Contudo, de acordo com Krueger, ainda há muito a ser feito para que sejam criados empregos para os 12,8 milhões de desempregados no país.

“Os dados do mês são positivos, mas não podemos nos ater apenas a eles”, disse.

O economista ressaltou a necessidade de continuar as políticas econômicas de combate à recessão.

“O mais importante é estender o corte de impostos de folha de pagamentos e continuar a proporcionar o auxílio-desemprego de emergência até o final deste ano”, disse Krueger em referência ao projeto de Obama que continua esperando aprovação no Congresso.

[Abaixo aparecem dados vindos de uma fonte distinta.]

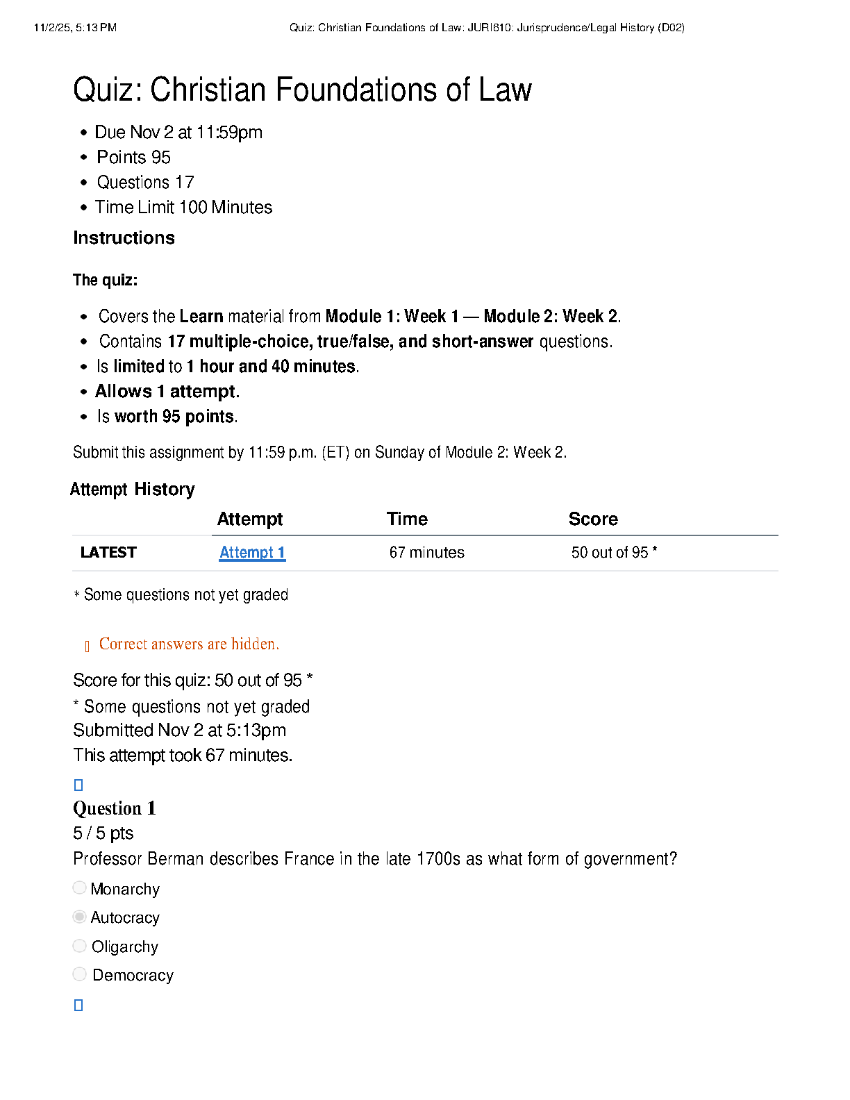 Instantly access the essential study material for your JURI610 Jurisprudence and Legal History course. This test bank focuses on the 'Christian Foundations of Law' quiz, covering key topics from Module 1 and Module 2. Inside, you will find 17 practice questions structured in multiple-choice, true/false, and short-answer formats, just like the real quiz. Valued at 95 points, this guide is your key to understanding complex legal history concepts influenced by Christian thought, as taught by scholars like Harold J. Berman. Prepare effectively, boost your confidence, and aim for a top score on your exam.

Em outro dado positivo, a atividade no setor de serviços acelerou em janeiro nos Estados Unidos, segundo o índice dos diretores de compras do setor, publicado nesta sexta-feira pela associação profissional ISM (Institute for Supply Management), que ficou em 56,3%.

O índice, que ficou em 52,6% em dezembro, superou as expectativas dos analistas para janeiro, quando era esperado um patamar de 53,1%. Qualquer valor acima de 50 indica uma expansão da atividade.

O número de encomendas às fábricas (bens duráveis e não duráveis), por sua vez, subiu nos Estados Unidos pelo segundo mês consecutivo em dezembro, segundo cifras publicadas também nesta sexta-feira pelo Departamento do Comércio.

O avanço foi de 1,1% com relação ao mês anterior, menos do que previam os analistas (1,5%), mas o aumento de novembro foi revisado fortemente para cima, a (2,2%).